Shap values not adding up to margin values


#1

I have trained a xgboost model using the sci-kit learn implementation, pickled it, then unpickled and calculated the shap values (using .predict(… pred_contribs=True).

However, the sum of these shap values per individual does not add up to the margin. This seems to be happening to me sporadically. Therefore, I decided to refit my model using the hyperparameter tuned paramters. Here is my code, do you see any glaring errors?

Thanks in advance

   # load 
    input_df = pd.read_csv(input_file, sep="\t")
    best_model = pickle.load(open(model_file, 'rb'))
    
    
    # train and test 
    xtrain = input_df.loc[input_df['partition']=="grid_cv", input_df.columns[1:-2]].copy()
    xtest = input_df.loc[input_df['partition']=="held_out", input_df.columns[1:-2]].copy()
    ytrain = input_df.loc[input_df['partition']=="grid_cv", input_df.columns[-2]].copy()
    ytest = input_df.loc[input_df['partition']=="held_out", input_df.columns[-2]].copy()

    # get setting from hyperparamter tuned model 
    bst_params = best_model.get_params()
    best_xgb_rf = XGBClassifier(**bst_params)
    best_xgb_rf.fit(xtrain, ytrain)

    # get shap and comapre to output 
    boost_  = best_xgb_rf.get_booster()
    shap_matrix = boost_.predict(xgb.DMatrix(xtrain, label=ytrain), pred_contribs=True)
    margin = boost_.predict(xgb.DMatrix(xtrain, label=ytrain,  feature_names=input_df.columns[1:-2]), output_margin=True)
    
    assert np.all(np.round(margin) == np.round(np.sum(shap_matrix, 1))), "shap values don't add up to margins"

#2

Notable, if I do not pass in the parameters from the previous model then this error does not occur…


#3

See XGBoost learning-to-rank model to predictions core function?


#4

Hi @hcho3,

Thanks for that link.

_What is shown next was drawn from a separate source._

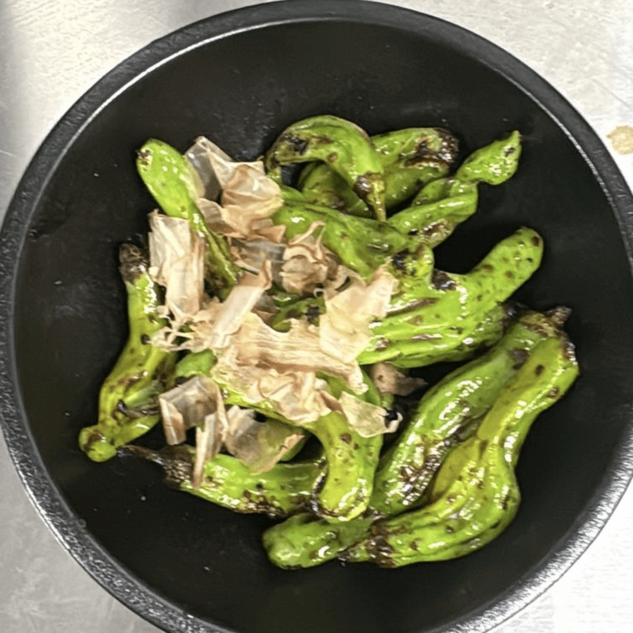 Fried shishito, spicy ponzu, and bonito flakes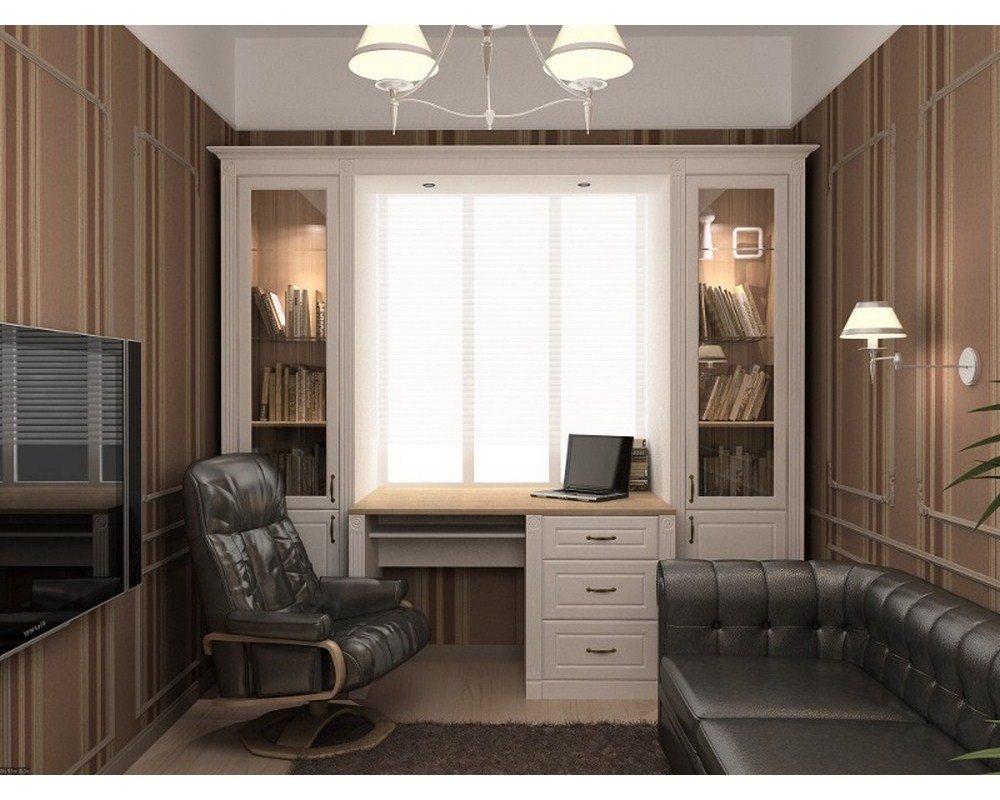 Письменный стол у окна со шкафами

I think you are suggesting that the base score might be different?

However when you add up the SHAP values with the bias term, it is not equal to the marginal ouput often by ~1000 or higher. Therefore with or without the bias term, the SHAP values are not close to the output_margin.

I also do not get this error if I train on the first five rows but using the full datasets or half the dataset results in the error.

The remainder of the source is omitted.